(What this task involves): Print the lines from the one containing "Cuiseur solaire parabolique" through the end of the listing below, exactly as written. Any pictures stay out.

(Data section):
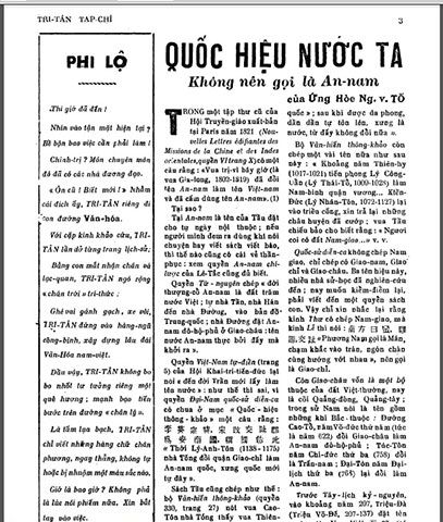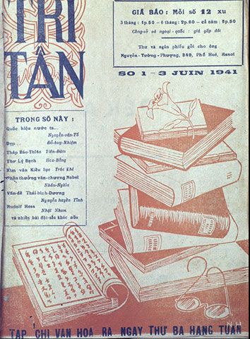 Tri Tân là tạp chí có chiều sâu về học thuật và có đóng góp quan trọng về khảo cứu sử học, văn học cổ Việt Nam giai đoạn trước Cách mạng Tháng Tám năm 1945 với nhiều bài viết và sự góp mặt của nhiều cây bút, trong đó đặc biệt là Ứng Hòe Nguyễn Văn Tố (1889-1947). Trong ảnh: Bìa và Lời Phi lộ (tạp chí Tri Tân số 1, ngày 3/6/1941). Nguồn: Bảo tàng lịch sử Quốc gia.
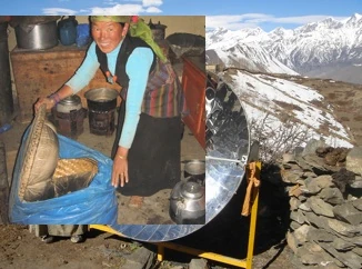 Cuiseur solaire parabolique et la boîte à chaleur maintenue utilisé dans les villages de montagne au Népal
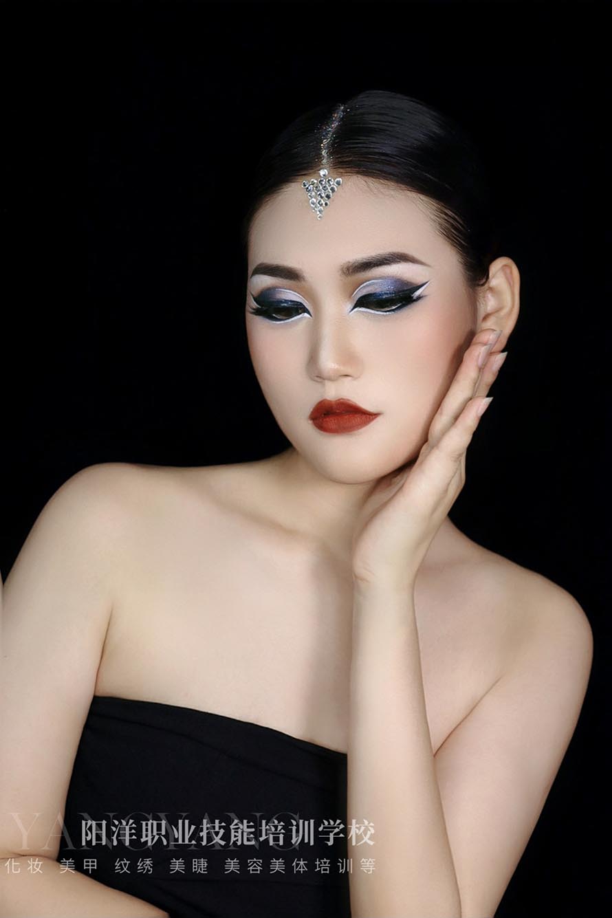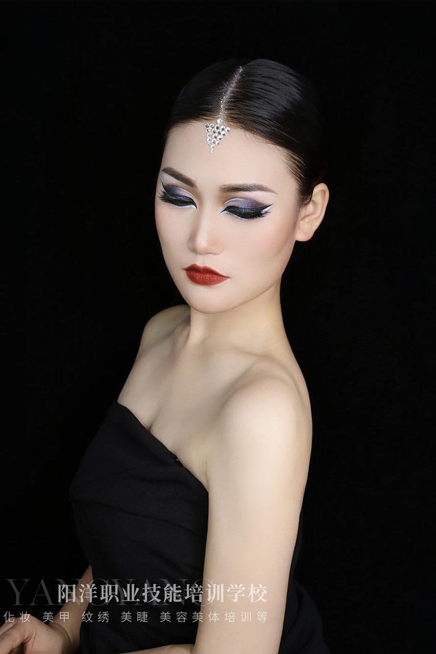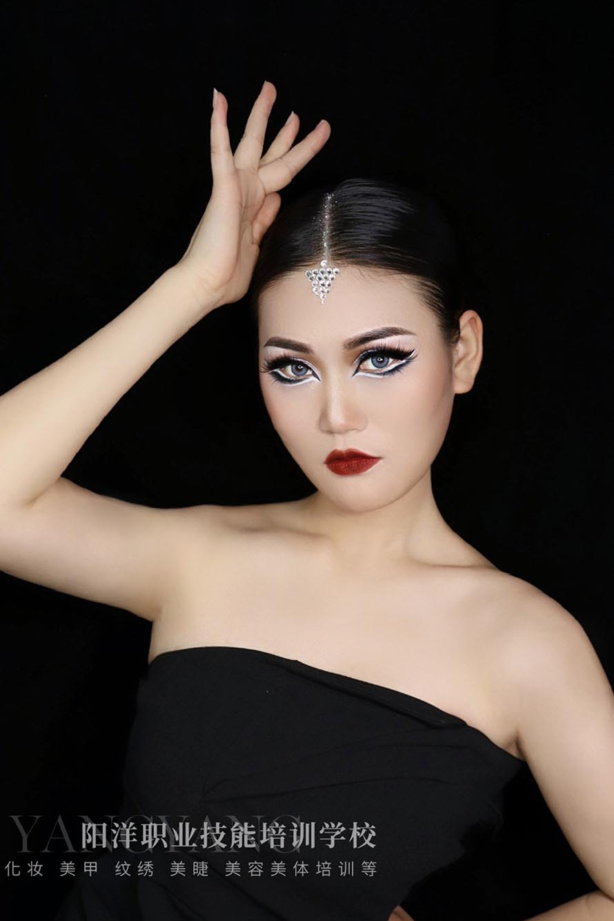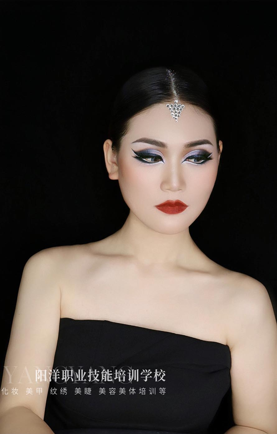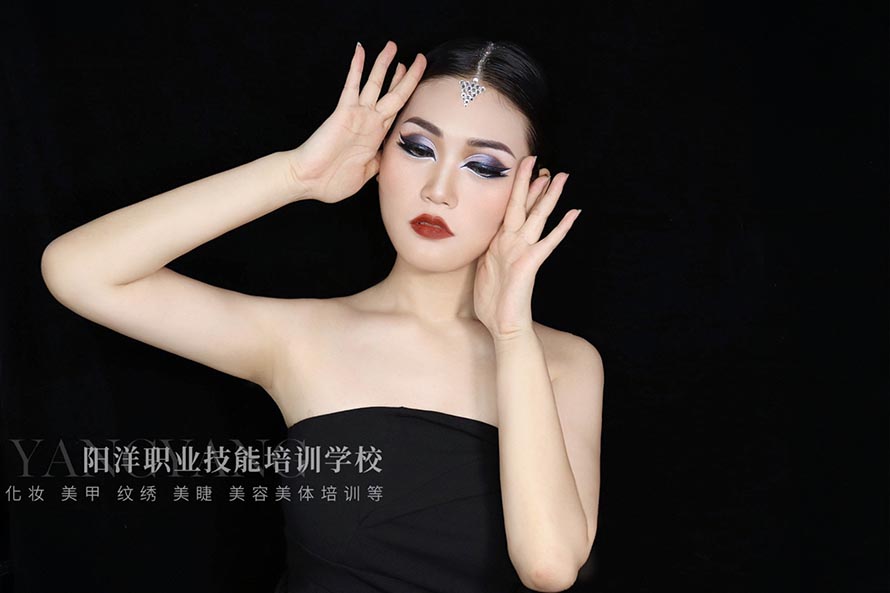 眼妝是拉丁舞化妝的最重要的部分了。首先一副假睫毛肯定是必須的。拉丁舞化妝中的假睫毛可以選擇重一點的,毛長,毛密的那種。有些帶有亮片或水鉆那種也是不錯的選擇。一旦選擇了帶假睫毛,那么眼線一定要化才粗一點,拉丁舞化妝總體上還一般化妝的原則還是一樣的,但是眼部最好還是能稍微夸張一點,將上下眼線最終鏈接到一起,這樣有利于與濃密的假睫毛呼應,眼尾大部分拉丁舞愛好者喜歡向上挑起,這是一個不錯的選擇,當然也可以按你需要向旁延伸,但是不做眼尾和下眼尾是切忌不可選的。

(Response):
 Cuiseur solaire parabolique et la boîte à chaleur maintenue utilisé dans les villages de montagne au Népal
 眼妝是拉丁舞化妝的最重要的部分了。首先一副假睫毛肯定是必須的。拉丁舞化妝中的假睫毛可以選擇重一點的,毛長,毛密的那種。有些帶有亮片或水鉆那種也是不錯的選擇。一旦選擇了帶假睫毛,那么眼線一定要化才粗一點,拉丁舞化妝總體上還一般化妝的原則還是一樣的,但是眼部最好還是能稍微夸張一點,將上下眼線最終鏈接到一起,這樣有利于與濃密的假睫毛呼應,眼尾大部分拉丁舞愛好者喜歡向上挑起,這是一個不錯的選擇,當然也可以按你需要向旁延伸,但是不做眼尾和下眼尾是切忌不可選的。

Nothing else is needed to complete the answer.